Happy birthday to Catcapper! Dave has been an integral part of PT since the beginning and has contributed sage advice to all. Have a great day my friend !


----------



## 220swift (Mar 2, 2011)

Happy Birthday Dave, hope you're having great day!


----------



## prairiewolf (Feb 19, 2012)

Happy Birthday !!!


----------



## hassell (Feb 9, 2010)

Happy Birthday Cat, may your back stay strong while using the snow shovel. Lighting your cake will save on firewood.


----------



## sneakygroundbuzzard (Nov 1, 2012)

HAPPY BIRTHDAY CAT!!!!!

i wont make fun of your age or how many candles you have on your cake

but did you have to get a burn permit for it? lol

just kidding, hope you have a great day


----------



## Bigdrowdy1 (Jan 29, 2010)

Excellent day to have been born many moons ago Happy B-Day Cat.


----------



## ReidRH (Feb 1, 2010)

Happy Birthday Dave!!


----------



## Ruger (Jan 22, 2011)

Happy birthday young man, Hope you had a great day up in the high country. I'd like to buy you a beer for your birthday, but I'll just have to drink one for you instead.


----------



## SWAMPBUCK10PT (Apr 5, 2010)

*Happy Birthday CAT-Many more to YA*


----------



## catcapper (Feb 11, 2010)

Thanks guys.

Though I was gonna have the day off, but had to hand split 1/2 a cord of firewood--- dang snow storm. LOL.

awprint:


----------



## glenway (Mar 27, 2011)

Wishing you many more!


----------



## jimmy shutt (Jun 2, 2013)

happy belated birthday Sir!!!


----------



## azpredatorhunter (Jul 24, 2012)

Happy birthday catcapper...


----------



## 220swift (Mar 2, 2011)

Ya know Dave, growing older is like living in a haunted house.......lots of noises and smells you just can't identify.


----------



## glenway (Mar 27, 2011)

Maybe so, 220, but another day beats the alternative.


----------



## 220swift (Mar 2, 2011)

that's a definite!!!!!!!!!!!!


----------



## Antlerz22 (Apr 18, 2011)

Mmmm..Happy belated Birthday Dave, and has that female coyote---by the track you identified in my "New hunting lease post" gave birth yet? bwahahahaa.. that was some out there stuff right there, I dont care who you are. But I also know it has to be a spot on description--given your knowledge and experience! But inquiring minds were wondering, was she headed east or west? LOL


----------



## catcapper (Feb 11, 2010)

Ha--- we all know she was move'in south.lol. :roflmao:

awprint:


----------



## jimmy shutt (Jun 2, 2013)

happy birthday Cat......you know what they say about firewood????
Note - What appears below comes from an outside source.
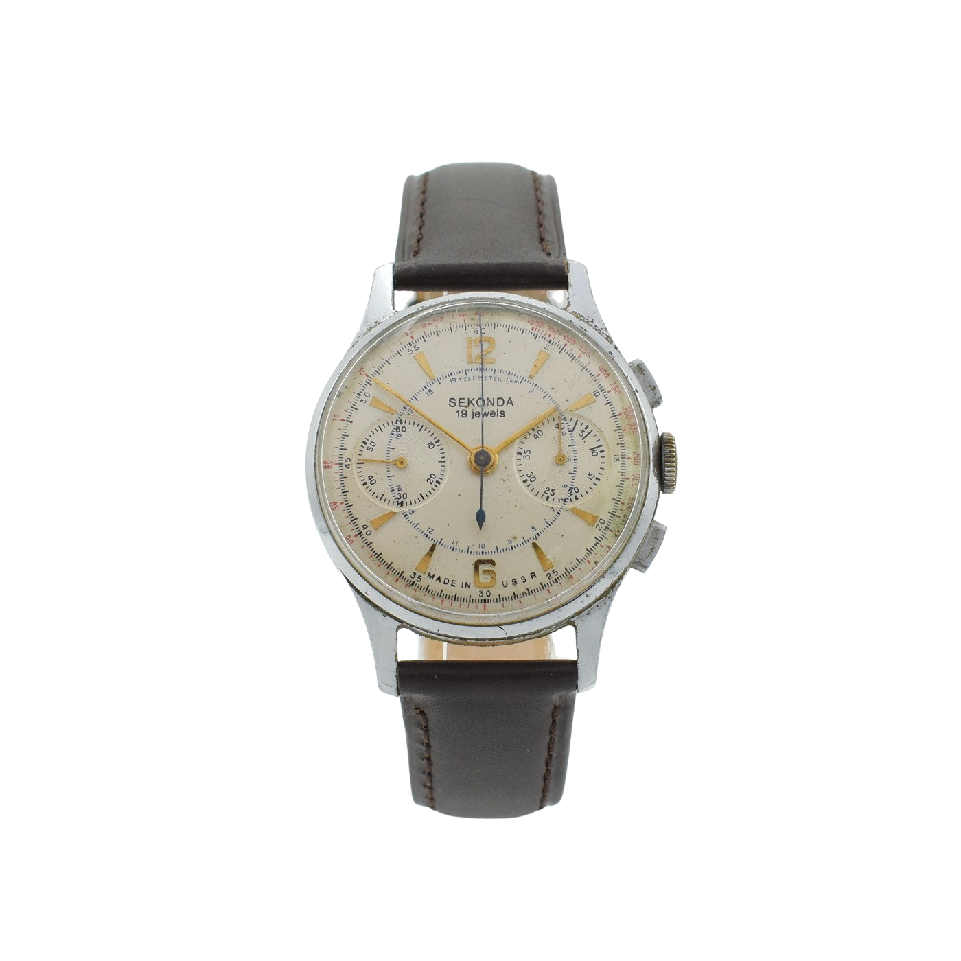 Sekonda emerged in 1966 as the British arm of the Russian watch making industry, exporting some of the finer watches made in Soviet Union factories. Many Sekonda watches were re-badged Strela and Raketa models made to be sold in the West. This model would have been manufactured and retailed in the late 60s, after Alexei Leonov wore the Strela during the first human spacewalk in history in March 1965, identical to this watch but for the Cyrilic ‘Strela’ on the dial, instead of ‘Sekonda’. Leonov spent a total of 12 minutes and 9 seconds outside of the ship during the Voskhod 2 mission, and the watch performed, although unfortunately he did not test out the chronograph function! His space suit inflated considerably due to lack of exterior pressure, and he was forced to bleed air out of the suit in order to re-enter the airlock, later crash landing in the deep snow of the Ural mountains after a malfuction of the automatic re-entry system. Despite this, both crew members survived, and the mission was considered a success, with the milestone achievement of the first spacewalk, the Strela being part of this history.

it heats you up a few times....cutting, splitting, and burning!!


----------



## dwtrees (Mar 5, 2012)

Happy belated Birthday Cat.

You know that growing old is mandatory but growing up is optional.


----------



## catcapper (Feb 11, 2010)

Miss K tells me things like that DW when I pull the cats tail to see what kind of noise it'll make.lol.


----------